The whole Digital Obsession has taken over Auto Retail. Vendor upon vendor feed at the trough and the whole "CRM" concept is run amok. Parent companies have made dealers hire "BDC" - BusinessDevelopmentCenters....their job is to NOT give customers the final price on the phone or email, but it's usually a bunch of 20-somethings in a room, who get paid commissions not on sales - but on appointments set and customers showing up. After that -little Molly turns the customer over to the sales floor - where now they can start at sticker price or above - it is better than giving the customer the full discount online where the customer holds the power to get competitive price bids. Anyway - whether it's GM, KIA, whomever - they are now dialed in to each dealer's BDC - they see the information. And Kia or GM or whomever send District Reps into dealerships to go over ratios of how many appointments the dealer set, how many of those appointments sold. Ok, fine. BUT - the reality is - there ARE people who *gasp* actually just drive into a dealership to look at cars. They don't start with an email online.
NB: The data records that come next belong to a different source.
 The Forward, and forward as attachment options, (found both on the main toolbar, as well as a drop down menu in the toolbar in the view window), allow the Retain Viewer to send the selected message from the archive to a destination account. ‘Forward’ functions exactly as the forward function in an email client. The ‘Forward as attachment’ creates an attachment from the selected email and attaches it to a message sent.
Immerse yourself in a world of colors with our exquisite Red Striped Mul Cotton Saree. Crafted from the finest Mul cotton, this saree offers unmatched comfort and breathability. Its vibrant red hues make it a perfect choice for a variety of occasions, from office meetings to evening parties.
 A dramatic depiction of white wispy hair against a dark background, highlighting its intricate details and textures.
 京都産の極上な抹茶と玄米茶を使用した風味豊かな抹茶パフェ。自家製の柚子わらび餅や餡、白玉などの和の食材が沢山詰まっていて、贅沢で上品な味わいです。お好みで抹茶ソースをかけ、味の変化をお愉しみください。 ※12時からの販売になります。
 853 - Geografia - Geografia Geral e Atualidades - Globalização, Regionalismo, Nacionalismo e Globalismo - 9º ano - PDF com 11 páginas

So , let's just say there's creative ways dealership personnel skew the ratios of appointments made, appointments sold ,etc -- just to keep the parent company off their backs. It's not stealing money (mind you, that is an easy one to do also)....) but in this case it's just gaming the numbers to make Daddy happy. I won't go into specifics as I'd rather not make it harder on the boys - but just one example: Let's say you came into my dealership. I did my job. You liked me, and the car and the deal. You sign up. I merely go into the dumb software CRM program - enter your name in as an appointment - then by golly, I get to count you as a sale. "Look Mom! I made an appointment! They showed up! They bought!" -- well, there's a 100% "appointment-close" ratio right there and that averages out the other 4 people who showed up and didn't buy - - I can still tell Kia about my nice big appointment-to-sale-ratio.
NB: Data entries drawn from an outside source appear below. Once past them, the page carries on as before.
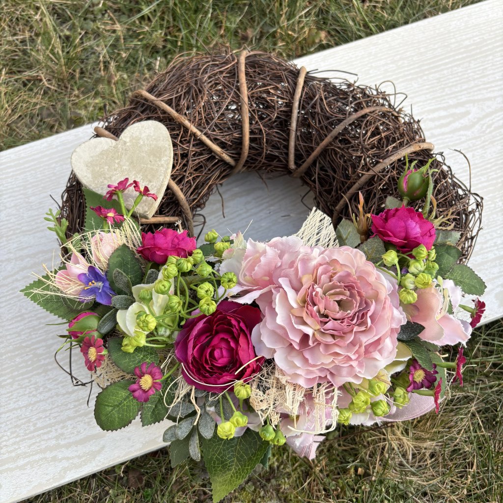 Celoroční dekorační věnec s Pivoňkami - kód: LET 3
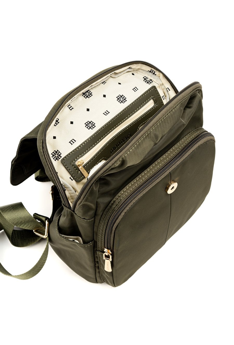 Plecak damski o wymiarach 25 × 29 × 11 cm. Plecak jednokomorowy z jasną, logowaną podszewką oraz dodatkowymi kieszonkami na drobiazgi. Plecak wyposażony jest w klapę oraz suwak, co zwiększa bezpieczeństwo przechowywanych rzeczy. Idealny do codziennego użytku.
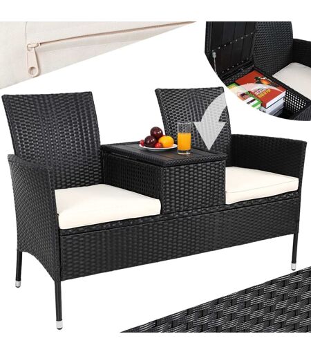 Casaria Banc de jardin en Polyrotin Résistant aux intempéries Table Rangement 143x64x88cm Coussins max. 320kg Banc de jardin Balcon Banc de cinéma extérieur
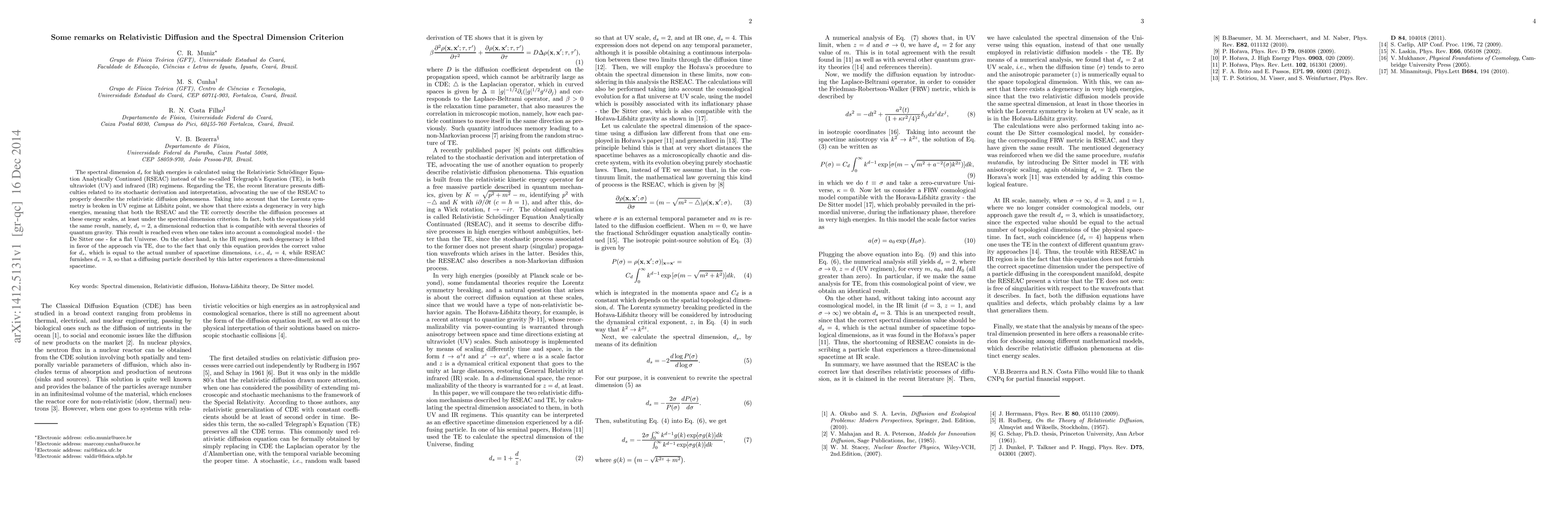 The spectral dimension $d_s$ for high energies is calculated using the Relativistic Schr\"{o}dinger Equation Analytically Continued (RSEAC) instead of the so-called Telegraph's Equation (TE), in both ultraviolet (UV) and infrared (IR) regimens. Regarding the TE, the recent literature presents difficulties related to its stochastic derivation and interpretation, advocating the use of the RSEAC to properly describe the relativistic diffusion phenomena. Taking into account that the Lorentz symmetry is broken in UV regime at Lifshitz point, we show that there exists a degeneracy in very high energies, meaning that both the RSEAC and the TE correctly describe the diffusion processes at these energy scales, at least under the spectral dimension criterion. In fact, both the equations yield the same result, namely, $d_s = 2$, a dimensional reduction that is compatible with several theories of quantum gravity. This result is reached even when one takes into account a cosmological model - the De Sitter one - for a flat Universe. On the other hand, in the IR regimen, such degeneracy is lifted in favor of the approach via TE, due to the fact that only this equation provides the correct value for $d_s$, which is equal to the actual number of spacetime dimensions, i. e., $d_s = 4$, while RSEAC furnishes $d_s=3$, so that a diffusing particle described by this latter experiences a three-dimensional spacetime.

Funny part is this "Transparency" and "let the customer buy online" stuff - has caused an average dealership to: 1.)Spend $2,500 a month on CRM systems. 2.)Pay $5000 a month to a "BDC Manager". 3.)Pay $3000 a month each to a few "BDC" reps who blast customer's phones and emails. And guess who had to pay for all that tech stuff? Well - ever notice your "doc fee" or "processing fee" is waaaaaay higher than before?
Anyhow, yes, I did notice the dealership playing games with with another customer's lead while I was there. Then as I was leaving - I heard them do it with yet another lead. Again - NOT cheating the customer. Not at all. It was more manipulating their CRM system to achieve statistical outcomes that the parent company wants to see. Would I put it in my shop report? NO - -only because they don't ask about that -- because the client doesn't ask about it. The Client is in their corporate office - sort of clueless about some things at the street level.
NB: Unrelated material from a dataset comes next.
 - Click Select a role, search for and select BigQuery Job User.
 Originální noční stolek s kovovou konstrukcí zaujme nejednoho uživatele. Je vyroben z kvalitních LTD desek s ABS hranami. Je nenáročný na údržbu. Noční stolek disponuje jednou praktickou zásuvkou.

People think the recent prices increases in cars is Covid and supplies- somewhat correct. But - it's more about the parent companies, taking over more of auto retail and turning individually owned dealerships into Dunkin Donuts franchises with no individuality. Some of that is good for the customer - but more than ever it's allowed parent companies and a few large dealer groups to eliminate price competition, and get customers trained that "full price, is a fair price".
None of this is my imagination - this is all things I've seen and heard straight from the horses mouth.